GIVEN MATERIAL below:

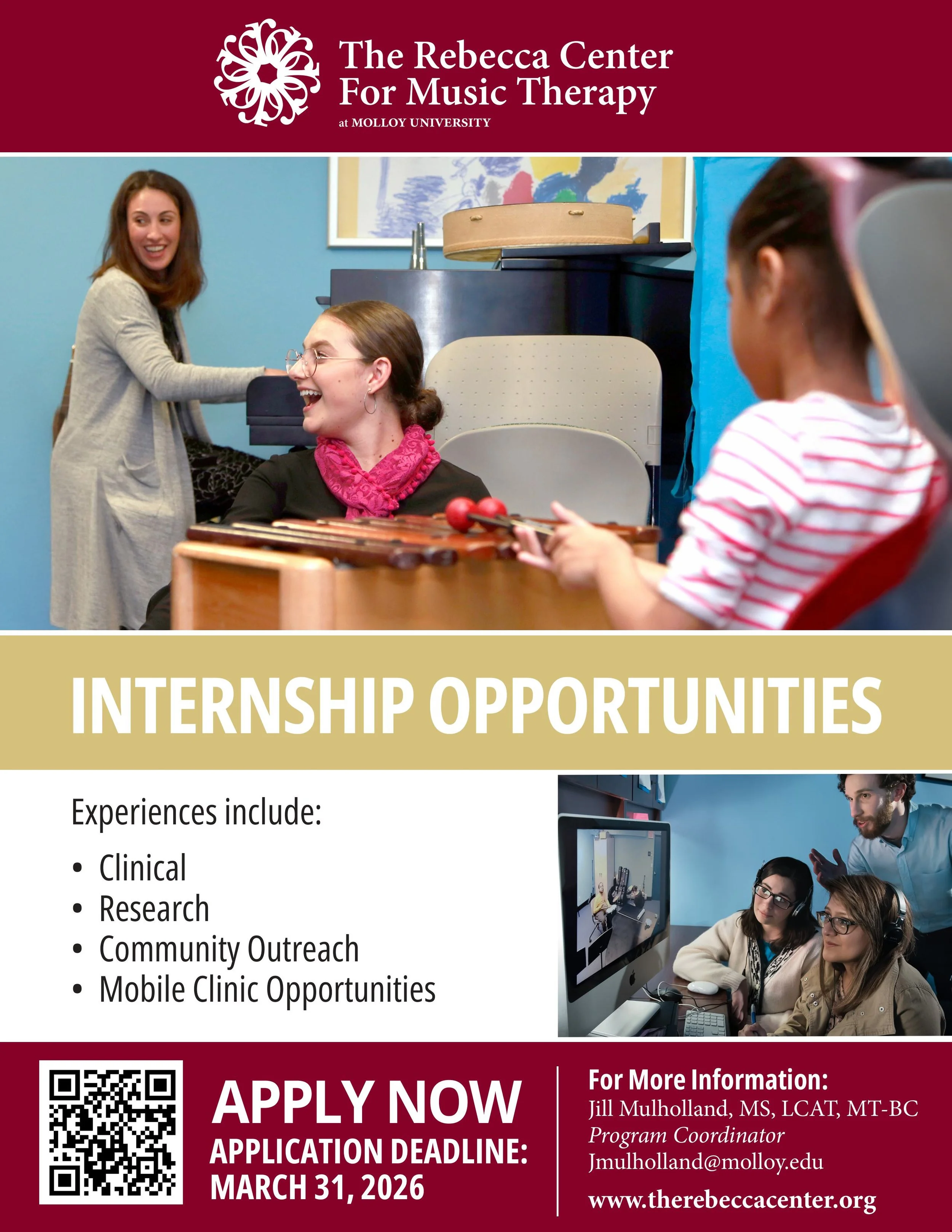 The Rebecca Center for Music Therapy at Molloy University is aimed at discovering the unique potential in every person through interactive musical-play, in order to facilitate engagement, relatedness, communication, and expression. We craft music therapy sessions to support essential social interactions and life processes that are authentic to each person’s lived experience.
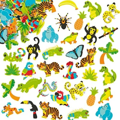 Craft Kits for Kids: Bright rainforest themed foam stickers. Kids will create forest curiosities and they can take them wherever they go with these cute and vibrant critters. Get Creative: Animal stickers for children to enjoy because of the simple technique, peel and stick to jazz up any of their next arts and crafts creations. Multi Use Crafts: This kids craft set is perfect for them to personalise by drawing, designing and painting. Ideal for decorations, party tasks, craft group activities, collages and home crafting. Included in the Pack: 100 rainforest themed foam stickers in 25 assorted designs. Sticker sizes approx. 3-6 cm (1.1-2.3 inch). Made by experts: Baker Ross has been designing and providing the very best art and craft supplies, and toys to schools, groups and parents for over 40 years. All products conform to General Product Safety Regulations, and state age recommendation where applicable.
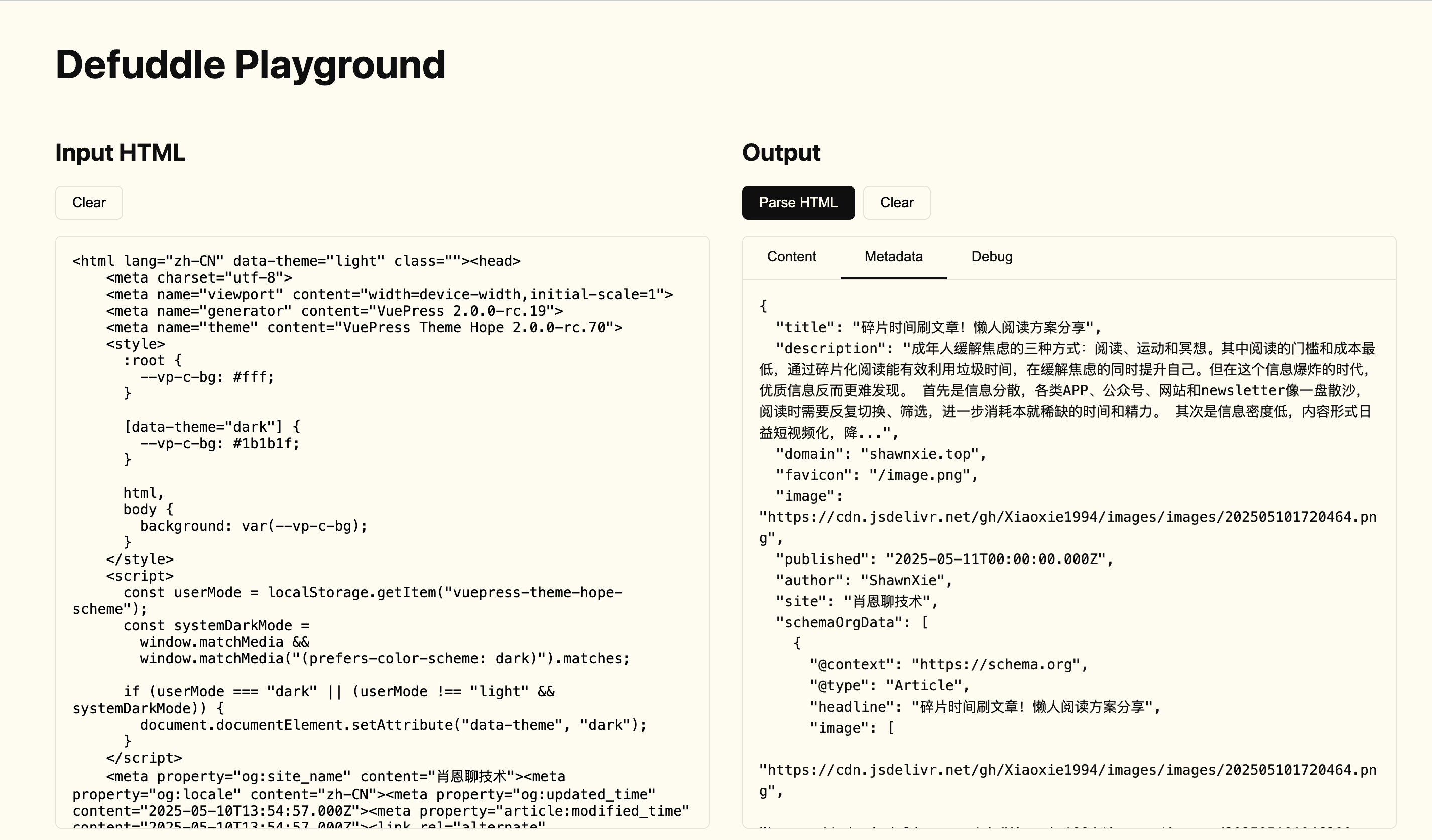 Defuddle是一款用于清理网页杂乱元素并提取主要内容的工具,旨在输出干净一致的HTML文档。

End of GIVEN MATERIAL.

**PROBLEM TO SOLVE:**
What you give back should be the full material above, retyped exactly, with every image removed.

**ANSWER FOR THIS EXERCISE:**
 The Rebecca Center for Music Therapy at Molloy University is aimed at discovering the unique potential in every person through interactive musical-play, in order to facilitate engagement, relatedness, communication, and expression. We craft music therapy sessions to support essential social interactions and life processes that are authentic to each person’s lived experience.
 Craft Kits for Kids: Bright rainforest themed foam stickers. Kids will create forest curiosities and they can take them wherever they go with these cute and vibrant critters. Get Creative: Animal stickers for children to enjoy because of the simple technique, peel and stick to jazz up any of their next arts and crafts creations. Multi Use Crafts: This kids craft set is perfect for them to personalise by drawing, designing and painting. Ideal for decorations, party tasks, craft group activities, collages and home crafting. Included in the Pack: 100 rainforest themed foam stickers in 25 assorted designs. Sticker sizes approx. 3-6 cm (1.1-2.3 inch). Made by experts: Baker Ross has been designing and providing the very best art and craft supplies, and toys to schools, groups and parents for over 40 years. All products conform to General Product Safety Regulations, and state age recommendation where applicable.
 Defuddle是一款用于清理网页杂乱元素并提取主要内容的工具,旨在输出干净一致的HTML文档。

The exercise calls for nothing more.